Bologna - 13/05/2016 : 15/05/2016

Ritorna il festival BAUM-Bolognina Arti Urbane in Movimento. Quest’anno BAUM si rinnova con un programma denso e completamente gratuito.

Informazioni

  • Luogo: COMMUNITY CENTER CORTE3
  • Indirizzo: via Franco Bolognese 22/3a - Bologna - Emilia-Romagna
  • Quando: dal 13/05/2016 - al 15/05/2016
  • Vernissage: 13/05/2016
  • Generi: urban art, festival
  • Biglietti: ingresso libero
  • Email: baumbolognina@gmail.com

Comunicato stampa

Dal 13 al 15 maggio 2016, per le strade della Bolognina, ritorna il festival BAUM-Bolognina Arti Urbane in Movimento. Quest’anno BAUM si rinnova con un programma denso e completamente gratuito.

3 giorni su 8 location e numerosi artisti impegnati in ambiti diversi, che spaziano dalla musica, al teatro, alla letteratura, alla fotografia fino alle arti visive, per inserire nuove tessere nel mosaico di una mappa condivisa del quartiere.

Ogni giornata sarà dedicata a un tema specifico: venerdì 13 la narrazione ruoterà attorno agli “Ecosistemi Urbani” con due mostre e la presentazione del nuovo libro dell’entomologo Gianumberto Accinelli


Sabato 14 verranno portate al centro della scena le “Visioni Laterali” con la presentazione dei laboratori di Bolognina Community Project. Domenica 15 sarà invece la volta degli “Orizzonti Illustrati” dagli interventi artistici in via Serra, concepiti da una collaborazione tra BAUM e CHEAP.

Non mancheranno live music e dj set a dare il ritmo a BAUM: sabato sera al Mercato di via Albani suoneranno Humans, Opez e La Batteria, mentre domenica ci sarà il gran finale al Parco della Zucca con i concerti di Lapingra, C+C=Maxigross e Giovanni Truppi.

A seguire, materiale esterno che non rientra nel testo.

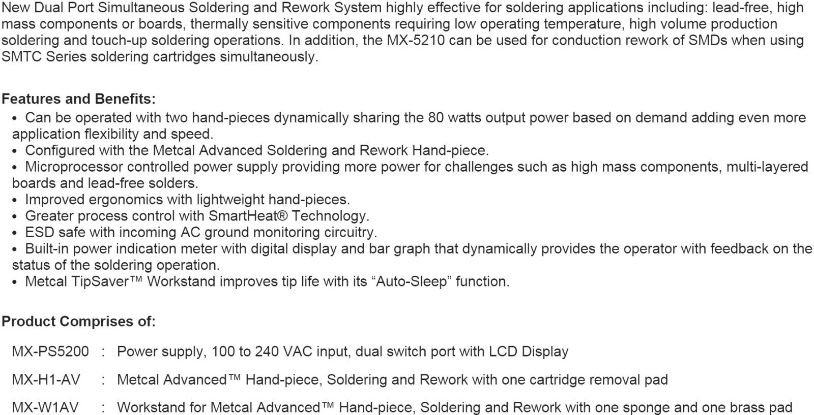 | 2634842 תחנת הלחמה דיגיטלית - METCAL MX-5210 - 80W | METCAL | תחנת הלחמה דיגיטלית - METCAL MX-5210 - 80W ♦ בקרת טמפרטורה בטכנולוגיית SMARTHEAT♦ תצוגת אינדיקציה... מלחמים ותחנות הלחמה » מלחמים ותחנות הלחמה | כמות |
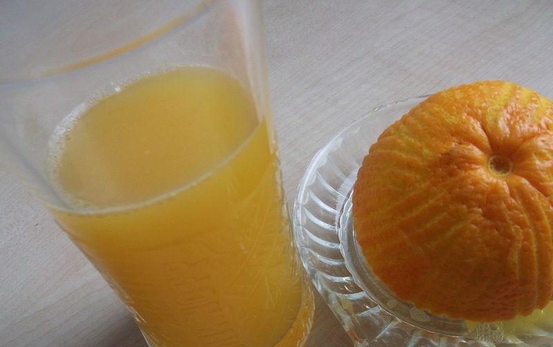 2. Wyciśnij sok z pomarańczy. Będziesz potrzebować 160 ml do ciasta i 80 ml do kremu.

Tantissime le novità dell’edizione 2016, a partire dagli eventi BAUM_OFF che anticiperanno il festival: tre mostre in anteprima, al di qua e al di là del Ponte di Galliera, per accompagnare al festival e mettere in connessione la Bolognina e il resto della città. Un’altra grande novità saranno i workshop artistici di teatro e di serigrafia a cui si potrà partecipare durante BAUM.

Da quest’anno inoltre verrà inaugurata la sezione “Porte Aperte”: laboratori artistici e spazi espositivi del quartiere saranno aperti a visitatori e curiosi per scoprire il fermento sotterraneo della Bolognina.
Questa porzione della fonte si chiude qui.